Exercise: Among the records below, find the line with "set de fijación." and the line with "Das Bild zeigt". Set down both and every line between, exactly and with no pictures, but nothing else.

(Beginning of Extracted entries)

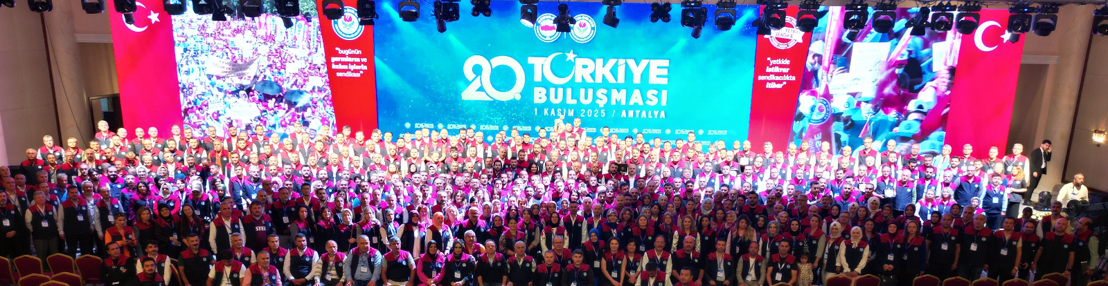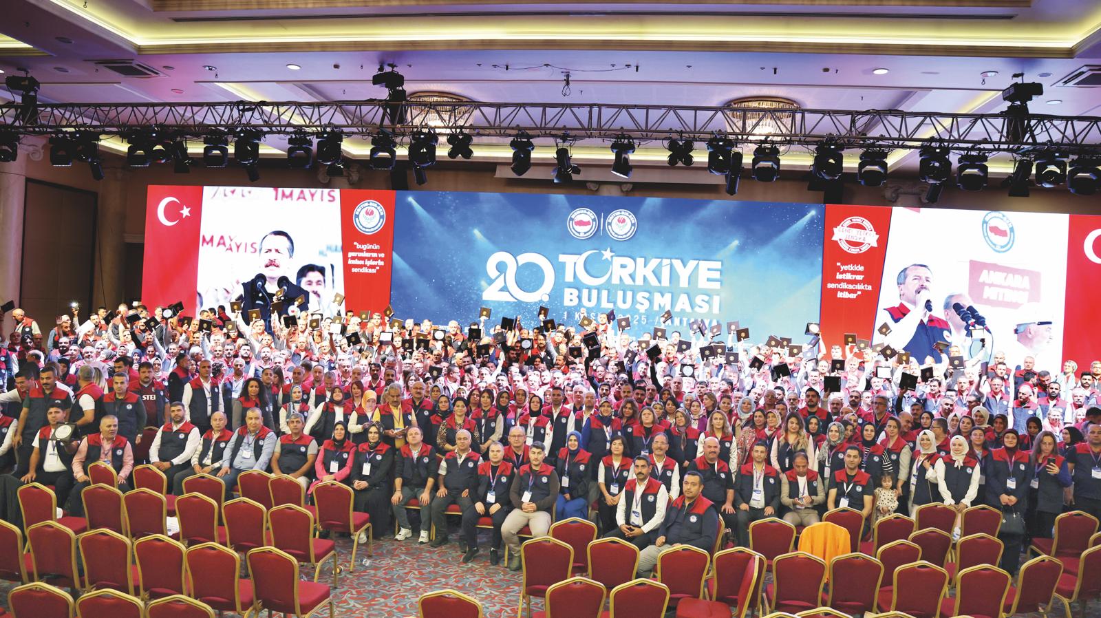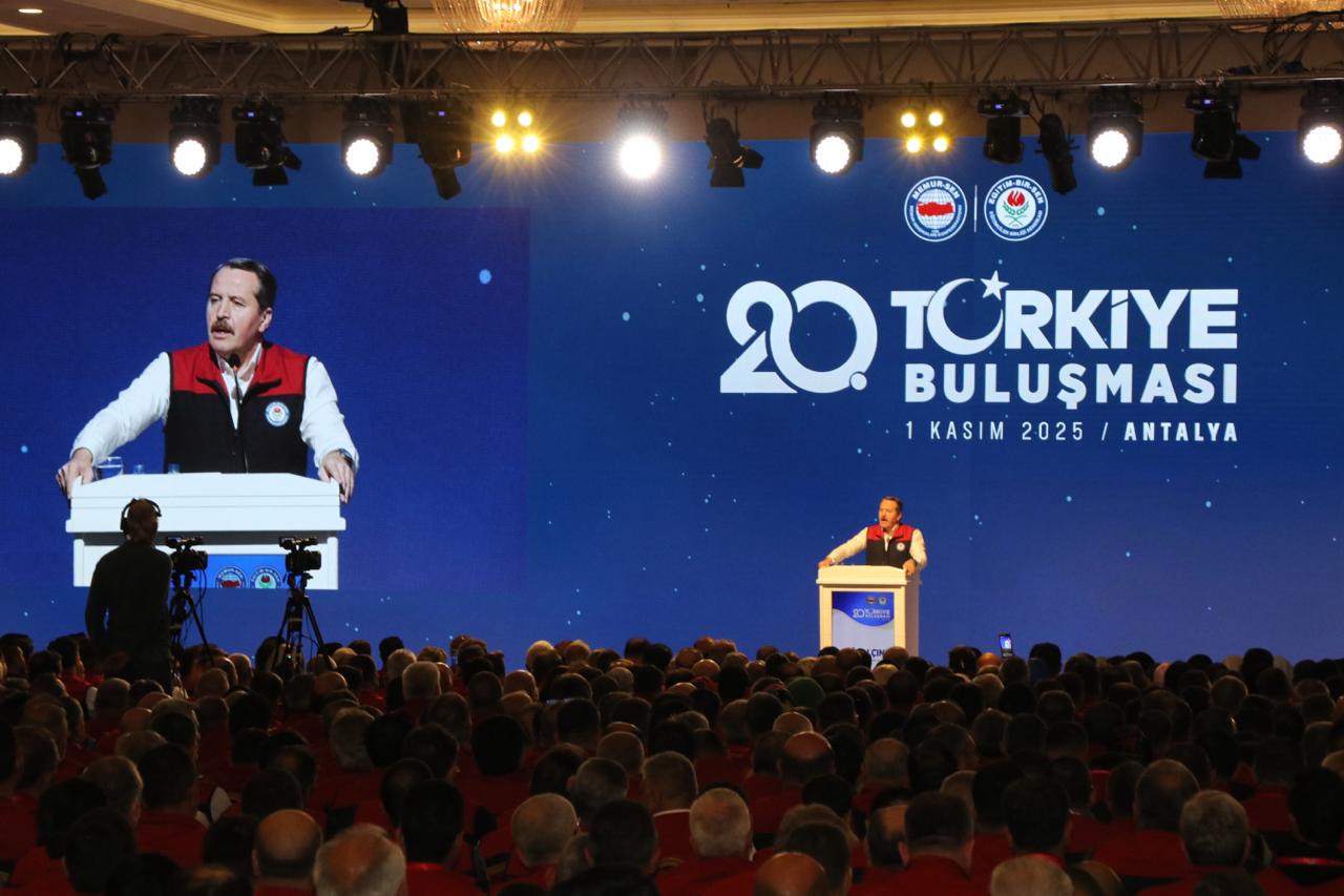 Eğitim-Bir-Sen 20. Türkiye Buluşması, şube yönetimleri, ilçe temsilcileri ve kadın komisyonlarının yer aldığı 2 bini aşkın teşkilat yöneticisinin katılımıyla Antalya’da gerçekleştirildi. Genel Başkanımız Ali Yalçın, teşkilatımızın lider kadrolarına yaptığı konuşmada, sendikal zeminde, mevzuat yönüyle reforma ihtiyaç bulunduğuna işaret ederek, “Masanın düzeninden süreye, tutanak sisteminden, hakeme, örgütlenmenin kapsamından greve, dayanışma aidatına kadar her yönüyle ele alınması gereken sendikal mevzuat, emeğimizle gayretimizle 2 yıl içinde değişmek zorundadır. Bunu başaracak olan biziz.” dedi.
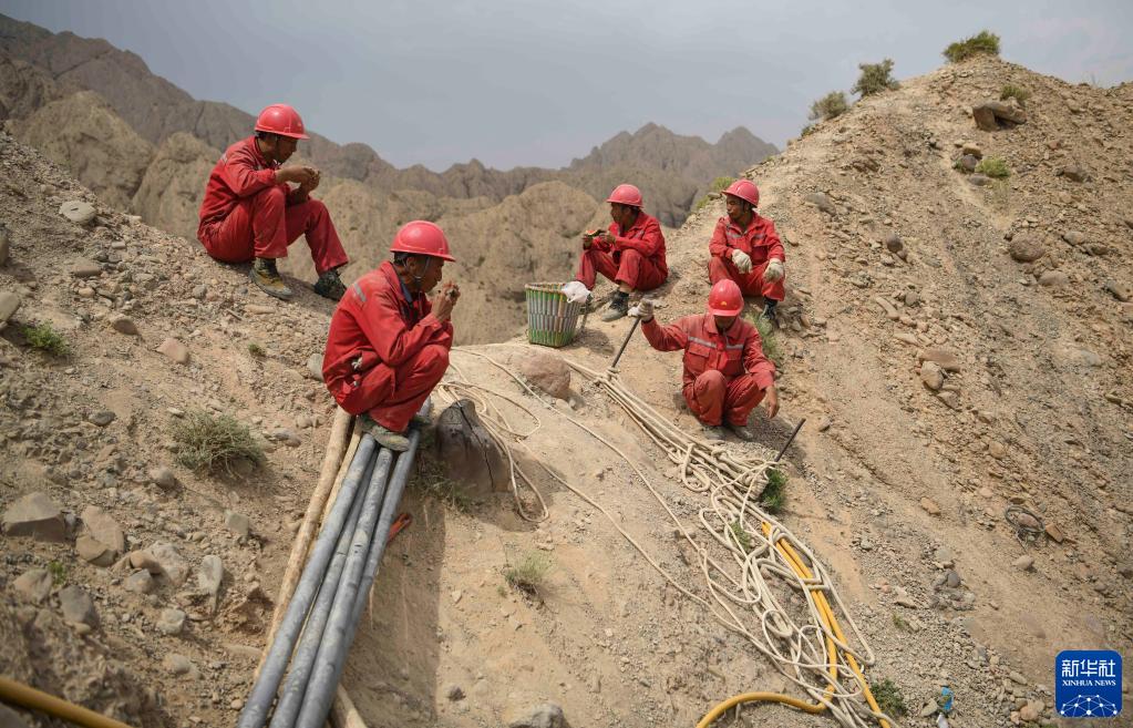 耗时约3个小时将全部钻井设备搬过一处崖壁后,东方物探公司塔里木物探处2170队的工人坐在崖壁上休息(6月18日摄)。新华社记者 胡虎虎 摄
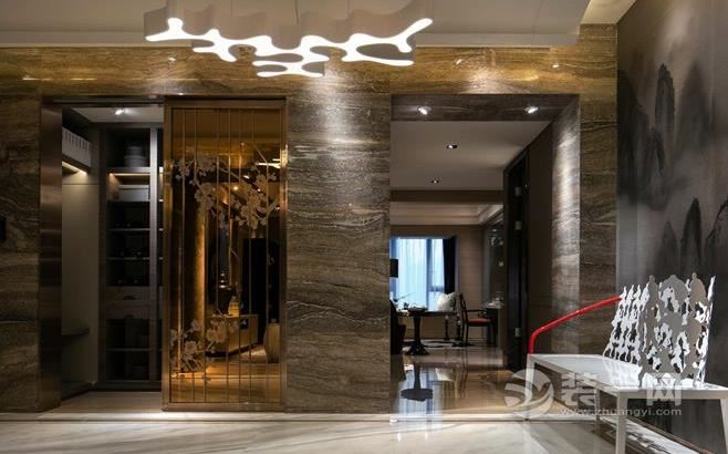 進門玄關處地面鋪着大理石,牆壁也用深色調的大理石做裝飾,懸挂着創意風的吊燈,擺放了鏤空創意造型的坐椅,打造出一個時尚感滿滿的玄關空間。
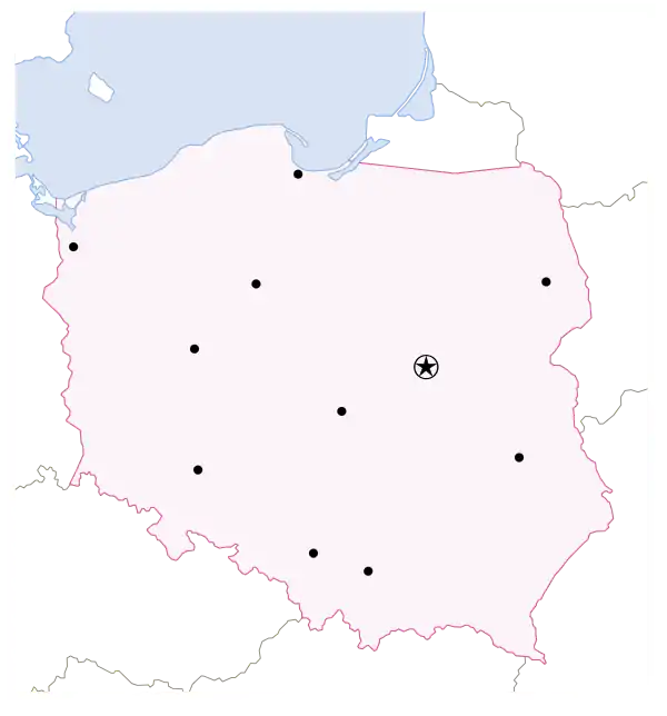 | پایتخت و بزرگترین شهر | کرکوس-ورشو ۵۲°۱۳′ شمالی ۲۱°۰۲′ شرقی |
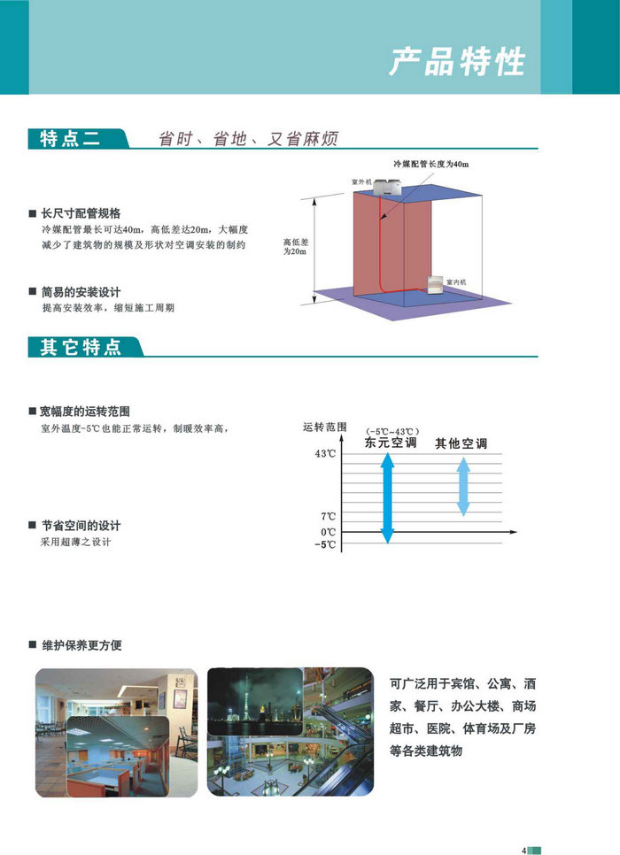 長尺寸配管規格(長40m,高低差20m),大幅度減少建筑物制約
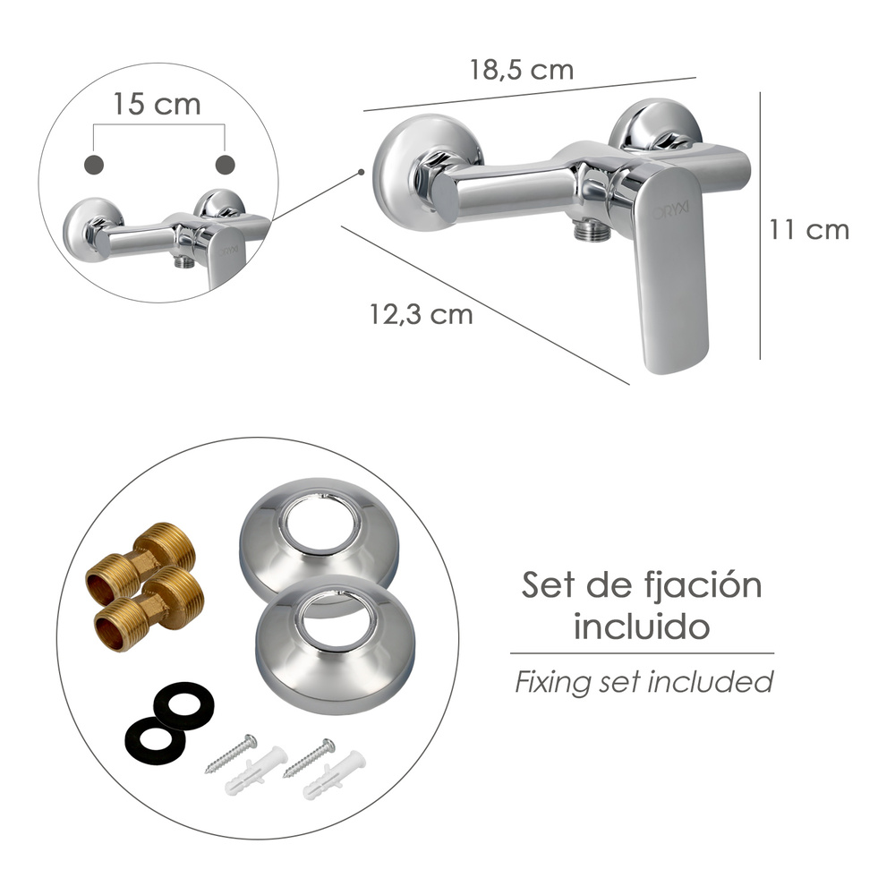 – Incluye maneral de ducha, flexo, soporte y set de fijación.
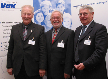 Das Bild zeigt neben Reinhard Kahl den Kreis- und Bezirksvorsitzenden Rolf Petter (Allendorf) und das Mitglied des VDK Landesvorstandes Eugen Becker, der auch jahrelang Vorsitzender der Deutschen Angestelltengewerkschaft in Hessen war.
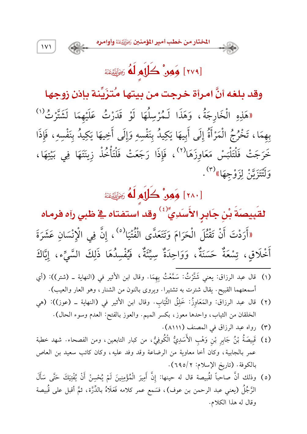 (¬5) وذلك أنَّ صاحباً لقُبيصة قال له حينها: إِنَّ أَمِيرَ الْمُؤْمِنِينَ لَمْ يُحْسِنْ أَنْ يُفْتِيَكَ حَتَّى سَأَلَ الرَّجُلُ (يعني عبد الرحمن بن عوف)، فسَمع عمر كلامه فَعَلَاهُ بالدِّرَّة، ثمَّ أقبل على قُبيصة وقال له هذا الكلام.
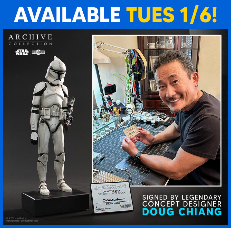 Teased at San Diego Comic Con, our Clone Trooper Concept Maquette Replica will be available TUESDAY 1/6 in a limited, timed edition that will be available for just SIX DAYS. We’re thrilled to announce this edition will be signed by legendary concept artist and Concept Design Supervisor for Attack of the Clones, Doug Chiang!
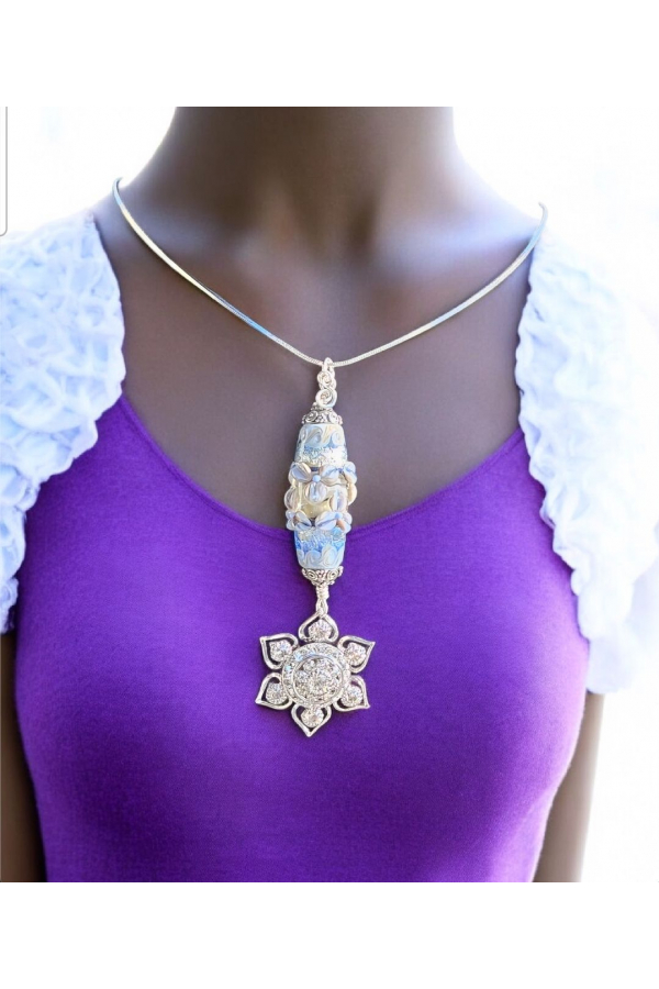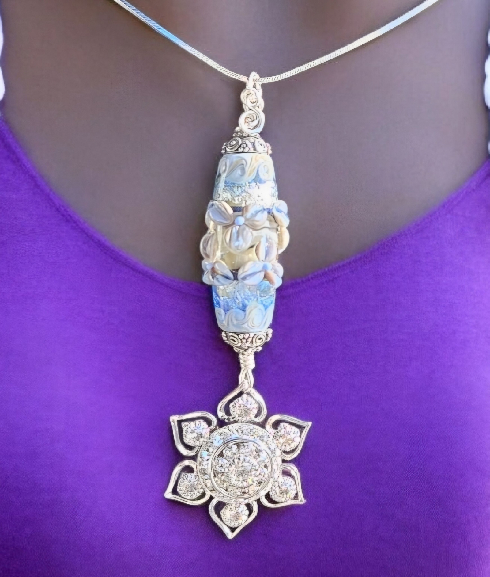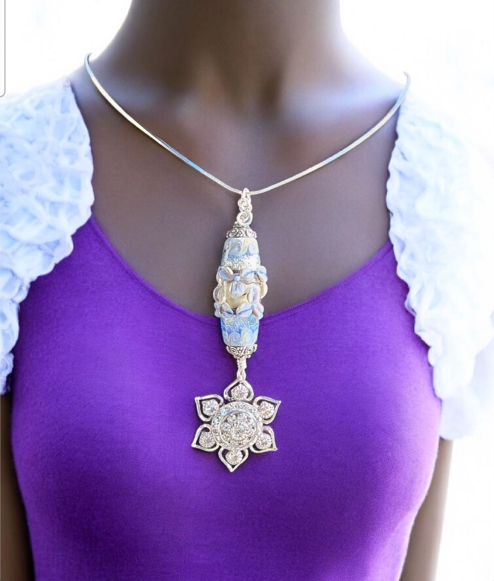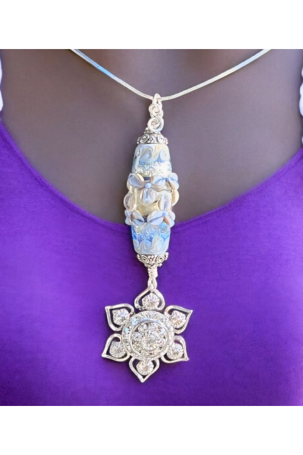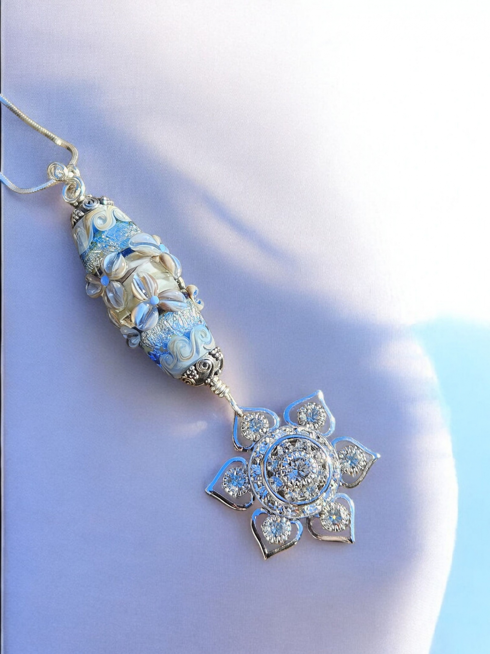 Gorgeous artisan lampwork focal paired with 925 sterling silver Swarovski crystal snowflake Charm Paired with 18" 925 sterling silver snake chain necklace.
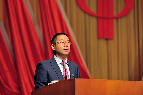 中信特钢集团副总裁,新冶钢党委书记、总经理李国忠作报告
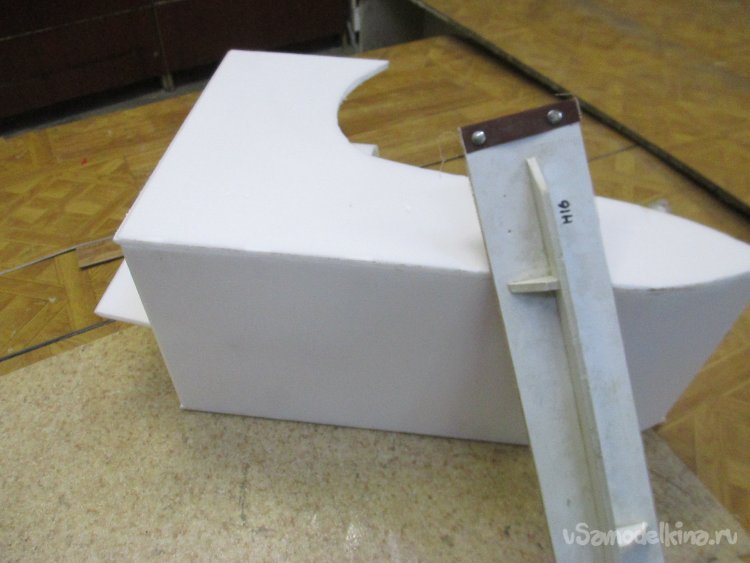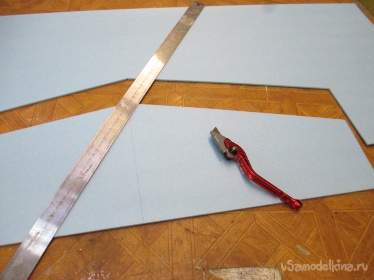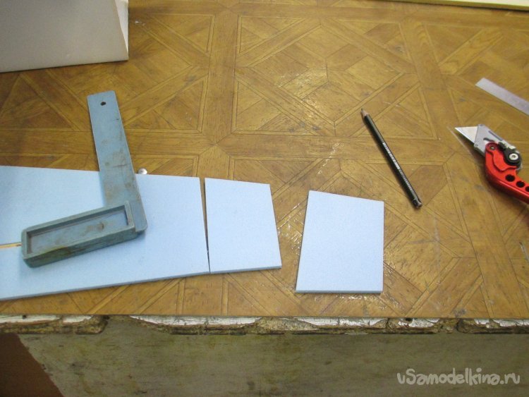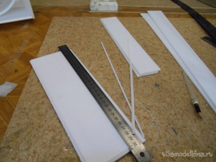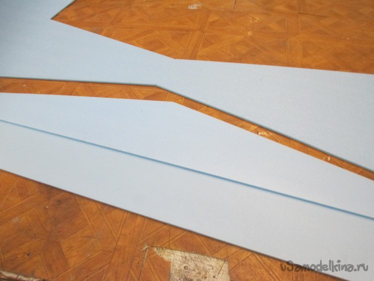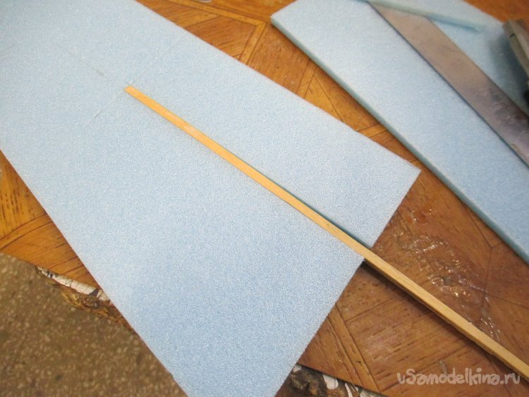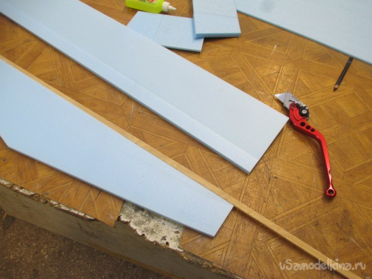 Стойку руля направления и само перо буду делать из двойной потолочной плитки. Вырезаю заготовки с некоторым припуском. У заготовки пера руля срезаю кромки, прилегающие к стойке, под углом в сорок пять градусов. Это позволяет ему плотно прилегать к стойке и независимо поворачиваться в стороны на указанные градусы.

(End of Extracted entries)

Solution:
 – Incluye maneral de ducha, flexo, soporte y set de fijación.
 Das Bild zeigt neben Reinhard Kahl den Kreis- und Bezirksvorsitzenden Rolf Petter (Allendorf) und das Mitglied des VDK Landesvorstandes Eugen Becker, der auch jahrelang Vorsitzender der Deutschen Angestelltengewerkschaft in Hessen war.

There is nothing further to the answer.